This month’s US/global equity volatility after a strong January – August performance will spark inevitable comparisons to 1987. Some are fair and some are less so; we’ll cover both here.
As we’ve mentioned before, the S&P 500 total return history going into both 1987 are 2021 is eerily similar. Total returns for the 2 prior years are virtually identical, which in both cases created strong investor confidence in future gains. (Yes, we were in the business in 1987, working as a mutual fund phone rep at the old Alliance Capital.) The data:
- 1985: +31.2 percent total return on the S&P 500
- 2019: +31.2 pct
- 1986: +18.5 percent
- 2020: +18.0 pct
Now, the 1987/2021 comparison does fall apart a bit in terms of the absolute return for each year through late August/early September:
- In 1987, the S&P 500 peaked on August 25th with a +39.1 percent gain.

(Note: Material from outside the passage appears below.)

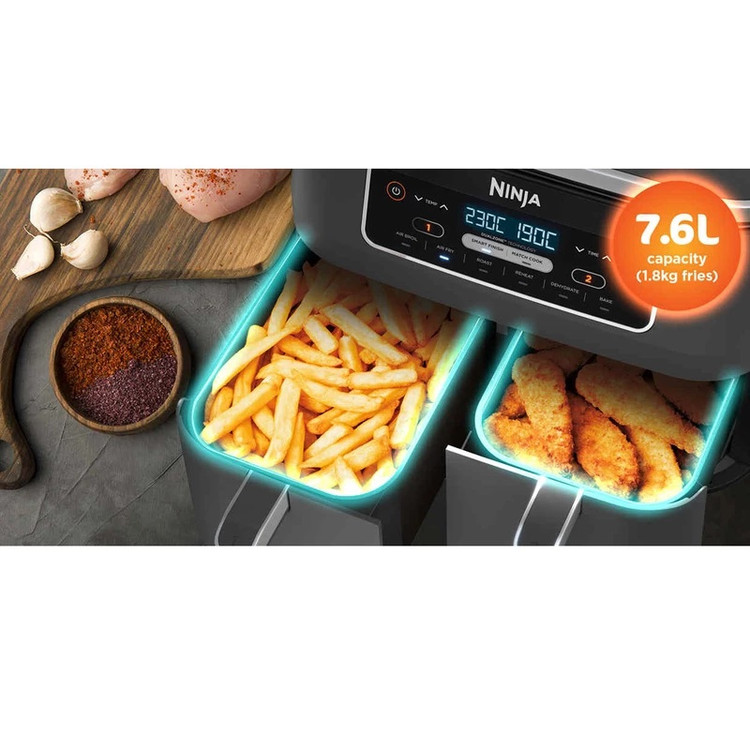 سرخ کن نینجا مدل دوقلو دارای توان مصرفی 1670 وات بوده، و قابلیت تنظیم دما از 40 تا 240 درجه سانتی گراد را دارد. سرخ کن نینجا 300 دارای دو عدد مخزن و سبد پخت مجزا از یکدیگر می باشد، که هر یک از این سبد ها 3.8 لیتر و به طور کلی دارای 8 لیتر گنجایش می باشد. همچنین این دستگاه نیازی به گرم شدن ندارد و غذای شما را کاملاً رژیمی و سالم آماده می کند.

- For 2021 YTD, the top on the S&P was on September 2nd with a 20.8 pct gain, or 18 points lower price return than the heady results of 1987 through a similar timeframe.

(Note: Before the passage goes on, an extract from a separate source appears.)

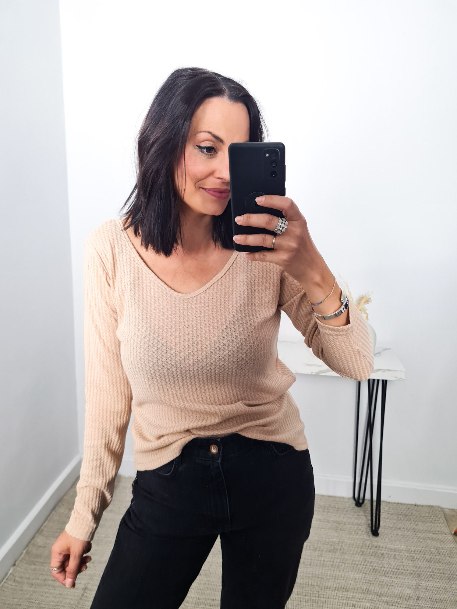 Camiseta de manga larga con escote pico y detalle de encaje en la espalda. Tejido gofrado.

Because 2021 wasn’t running as hot through the end of the summer as in 1987, the effect of the typical “September swoon” we’ve been discussing in recent reports has not been quite as pronounced:
- Since its peak on September 2nd, 2021, 11 days ago, the S&P is down 4.0 percent.
- 11 days after its August 25th, 1987 top, the S&P was down 5.8 pct.

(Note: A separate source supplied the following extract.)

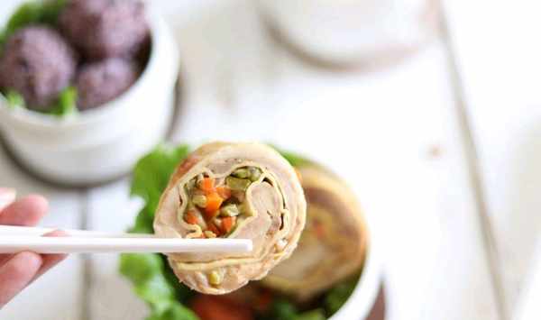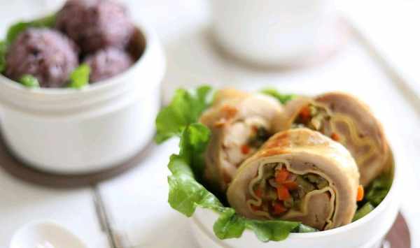 【菜品名稱】:雞腿豆皮雜蔬卷

As far as what the 1987 comparison can tell us about what happens in the next few days/weeks, a few thoughts before we address the elephant in the room (the October crash):
- By this point in 1987, the S&P 500 was getting close to washed out for September.
- The month’s lows occurred 7 days later, down a further 2.1 percent.
- Overlay that experience on 2021 and it implies that the month’s lows will come on September 29th at levels slight below (1-2 pct) today’s close.
Now, so far all we’ve done is look at 1987 as an example of what happens in September when we go into the month with a hot YTD return and after 2 prior years of above average S&P 500 price performance. Even within the obvious statistical confines of a 1-year comparison, this still feels valid and consistent with both what we’ve seen occur and the aberrant negative September returns we’ve previously documented for you. US equities are doing what you’d expect.
So, what about the rest of the 1987 scenario, specifically the October crash? Three points on that:
1: Markets don’t crash from overbought; they crash from already deeply oversold conditions. In the 10 trading days before the October 19th, 1987 crash the S&P saw 5 days where the index declined by 1-5 percent/day and only 1 where it rallied by +1 percent.
2: October 19th, 1987 was not the low for the year. That came on December 4th, although it was very close to 10/19’s close: S&P 500 at 223.92 versus 224.84. This is the origin of the “markets have to retest crash lows” myth that led many to miss the 2020 lows and stay out of the market too long.
3: The S&P was actually up 5.8 percent on a total return basis in 1987, it and rallied another 16.5 percent in 1988 and 31.5 percent in 1989. The 1987 crash, in other words, is virtually invisible in the market’s longer run history.
Takeaway: there are 2 distinct lessons from 1987 that relate to today’s US equity market.
- The first is that overheated markets tend to correct in September. This is one reason we’ve been saying to lighten up on equity exposure.
- The second is that markets need to stabilize in the next 1-2 weeks as validation that investor confidence remains intact. This is the normal course of events in most years, with October and November making up for September’s weakness. October 1987 is an outlier example of what happens when that does not occur. We don’t think October 2021 will follow in its footsteps but knowing that history is still valuable.